> **Work item**
Pictures aside, write out the data exactly as it reads.

> **Data for analysis**
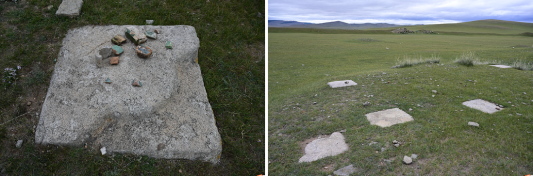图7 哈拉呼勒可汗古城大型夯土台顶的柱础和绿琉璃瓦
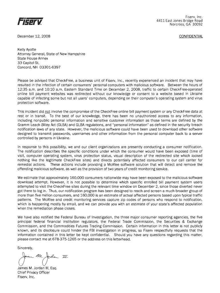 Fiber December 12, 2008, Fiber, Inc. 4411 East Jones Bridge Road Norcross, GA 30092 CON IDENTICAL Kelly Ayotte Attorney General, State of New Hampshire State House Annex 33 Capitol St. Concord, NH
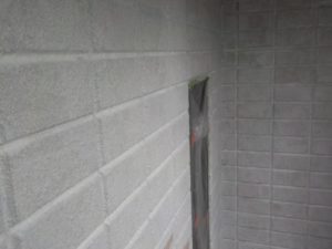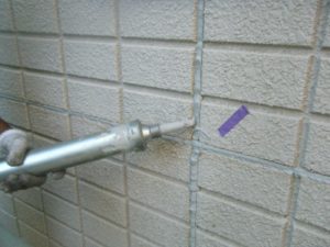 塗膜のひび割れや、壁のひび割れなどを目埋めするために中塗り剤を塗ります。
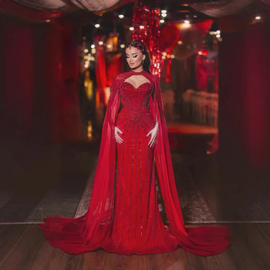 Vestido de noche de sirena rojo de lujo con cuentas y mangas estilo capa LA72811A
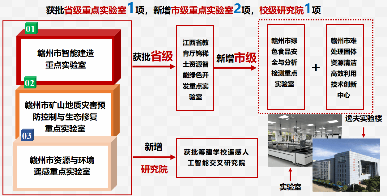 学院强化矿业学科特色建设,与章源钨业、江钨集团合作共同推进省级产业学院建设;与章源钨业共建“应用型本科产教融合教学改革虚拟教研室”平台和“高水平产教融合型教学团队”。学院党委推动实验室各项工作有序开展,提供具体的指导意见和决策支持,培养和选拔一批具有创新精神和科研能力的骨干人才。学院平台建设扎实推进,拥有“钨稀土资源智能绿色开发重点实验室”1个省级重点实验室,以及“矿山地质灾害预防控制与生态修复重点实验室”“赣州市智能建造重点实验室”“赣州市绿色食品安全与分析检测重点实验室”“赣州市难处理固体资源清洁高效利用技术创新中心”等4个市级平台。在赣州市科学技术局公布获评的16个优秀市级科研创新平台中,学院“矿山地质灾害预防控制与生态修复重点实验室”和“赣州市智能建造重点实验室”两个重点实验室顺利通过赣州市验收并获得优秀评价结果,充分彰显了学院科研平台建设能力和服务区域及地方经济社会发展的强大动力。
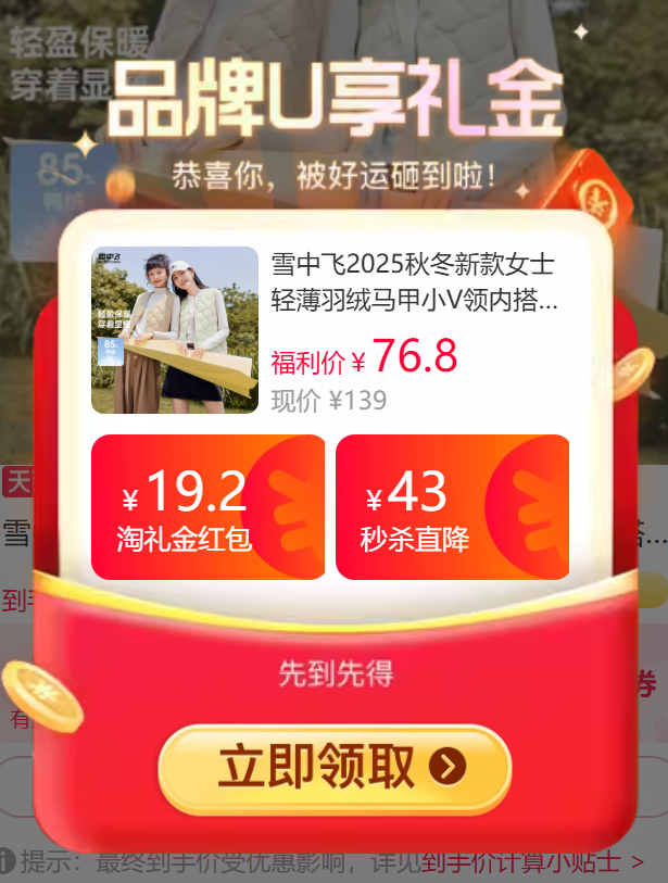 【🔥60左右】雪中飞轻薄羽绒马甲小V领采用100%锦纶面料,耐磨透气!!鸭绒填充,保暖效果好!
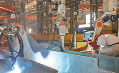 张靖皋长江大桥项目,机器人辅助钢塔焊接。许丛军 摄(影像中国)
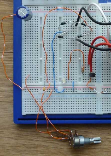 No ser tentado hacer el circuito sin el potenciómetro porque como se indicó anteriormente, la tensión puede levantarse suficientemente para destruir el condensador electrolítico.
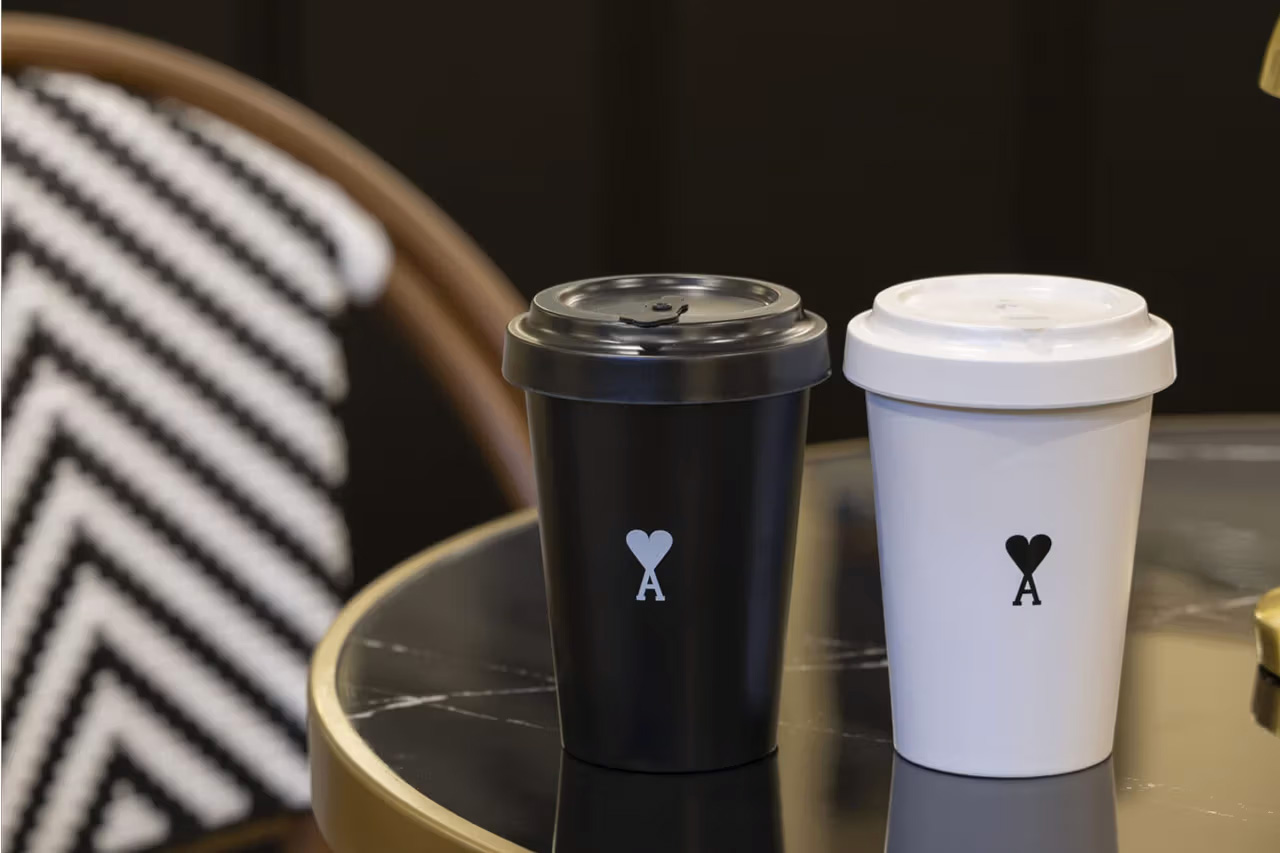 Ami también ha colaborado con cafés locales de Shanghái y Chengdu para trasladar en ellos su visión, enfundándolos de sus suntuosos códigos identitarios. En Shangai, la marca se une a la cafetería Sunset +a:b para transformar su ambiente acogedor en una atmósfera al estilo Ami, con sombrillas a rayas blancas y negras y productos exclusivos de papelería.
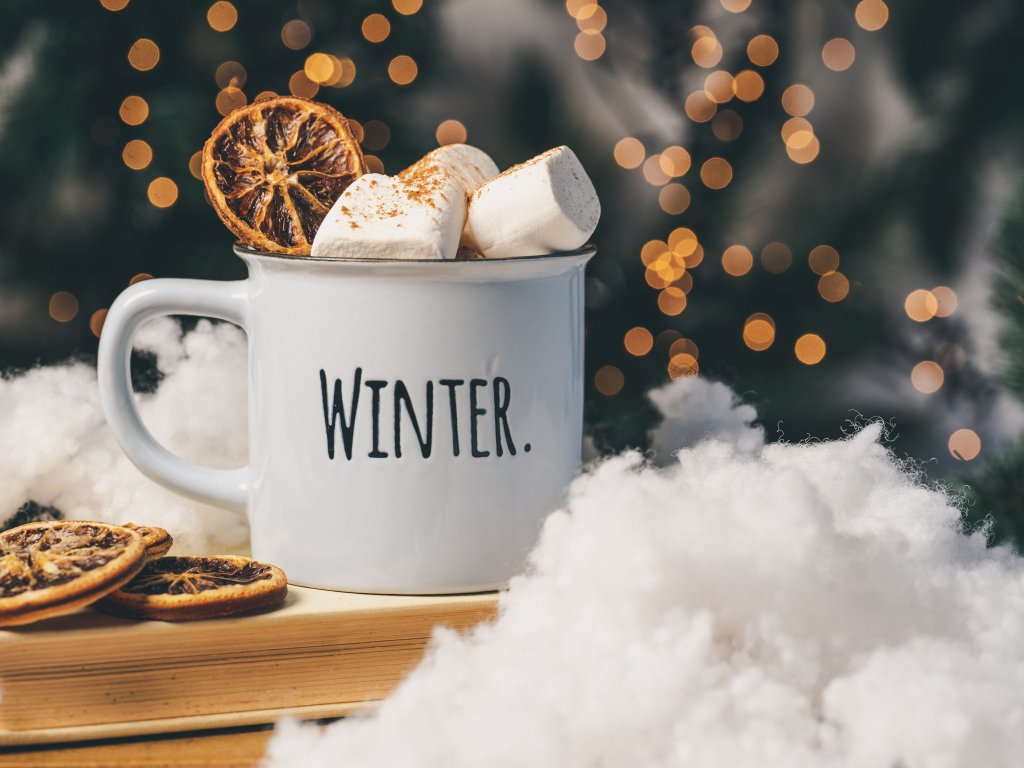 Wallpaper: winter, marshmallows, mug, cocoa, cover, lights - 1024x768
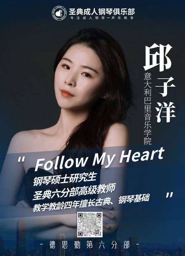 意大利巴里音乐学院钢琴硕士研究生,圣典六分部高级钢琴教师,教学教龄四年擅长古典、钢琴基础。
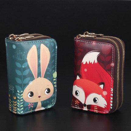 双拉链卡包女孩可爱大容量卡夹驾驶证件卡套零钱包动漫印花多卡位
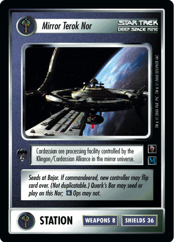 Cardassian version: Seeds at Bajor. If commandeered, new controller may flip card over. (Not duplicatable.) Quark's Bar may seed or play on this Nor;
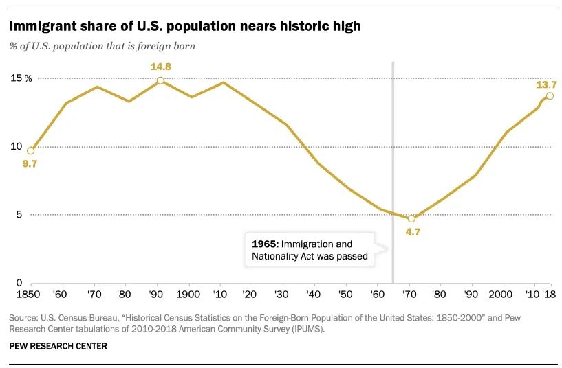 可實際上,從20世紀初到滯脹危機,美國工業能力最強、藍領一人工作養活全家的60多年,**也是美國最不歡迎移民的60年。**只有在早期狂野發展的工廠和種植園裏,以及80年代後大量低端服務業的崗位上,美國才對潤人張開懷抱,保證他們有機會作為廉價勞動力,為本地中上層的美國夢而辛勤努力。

> **Answer to the exercise**
图7 哈拉呼勒可汗古城大型夯土台顶的柱础和绿琉璃瓦
 Fiber December 12, 2008, Fiber, Inc. 4411 East Jones Bridge Road Norcross, GA 30092 CON IDENTICAL Kelly Ayotte Attorney General, State of New Hampshire State House Annex 33 Capitol St. Concord, NH
 塗膜のひび割れや、壁のひび割れなどを目埋めするために中塗り剤を塗ります。
 Vestido de noche de sirena rojo de lujo con cuentas y mangas estilo capa LA72811A
 学院强化矿业学科特色建设,与章源钨业、江钨集团合作共同推进省级产业学院建设;与章源钨业共建“应用型本科产教融合教学改革虚拟教研室”平台和“高水平产教融合型教学团队”。学院党委推动实验室各项工作有序开展,提供具体的指导意见和决策支持,培养和选拔一批具有创新精神和科研能力的骨干人才。学院平台建设扎实推进,拥有“钨稀土资源智能绿色开发重点实验室”1个省级重点实验室,以及“矿山地质灾害预防控制与生态修复重点实验室”“赣州市智能建造重点实验室”“赣州市绿色食品安全与分析检测重点实验室”“赣州市难处理固体资源清洁高效利用技术创新中心”等4个市级平台。在赣州市科学技术局公布获评的16个优秀市级科研创新平台中,学院“矿山地质灾害预防控制与生态修复重点实验室”和“赣州市智能建造重点实验室”两个重点实验室顺利通过赣州市验收并获得优秀评价结果,充分彰显了学院科研平台建设能力和服务区域及地方经济社会发展的强大动力。
 【🔥60左右】雪中飞轻薄羽绒马甲小V领采用100%锦纶面料,耐磨透气!!鸭绒填充,保暖效果好!
 张靖皋长江大桥项目,机器人辅助钢塔焊接。许丛军 摄(影像中国)
 No ser tentado hacer el circuito sin el potenciómetro porque como se indicó anteriormente, la tensión puede levantarse suficientemente para destruir el condensador electrolítico.
 Ami también ha colaborado con cafés locales de Shanghái y Chengdu para trasladar en ellos su visión, enfundándolos de sus suntuosos códigos identitarios. En Shangai, la marca se une a la cafetería Sunset +a:b para transformar su ambiente acogedor en una atmósfera al estilo Ami, con sombrillas a rayas blancas y negras y productos exclusivos de papelería.
 Wallpaper: winter, marshmallows, mug, cocoa, cover, lights - 1024x768
 意大利巴里音乐学院钢琴硕士研究生,圣典六分部高级钢琴教师,教学教龄四年擅长古典、钢琴基础。
 双拉链卡包女孩可爱大容量卡夹驾驶证件卡套零钱包动漫印花多卡位
 Cardassian version: Seeds at Bajor. If commandeered, new controller may flip card over. (Not duplicatable.) Quark's Bar may seed or play on this Nor;
 可實際上,從20世紀初到滯脹危機,美國工業能力最強、藍領一人工作養活全家的60多年,**也是美國最不歡迎移民的60年。**只有在早期狂野發展的工廠和種植園裏,以及80年代後大量低端服務業的崗位上,美國才對潤人張開懷抱,保證他們有機會作為廉價勞動力,為本地中上層的美國夢而辛勤努力。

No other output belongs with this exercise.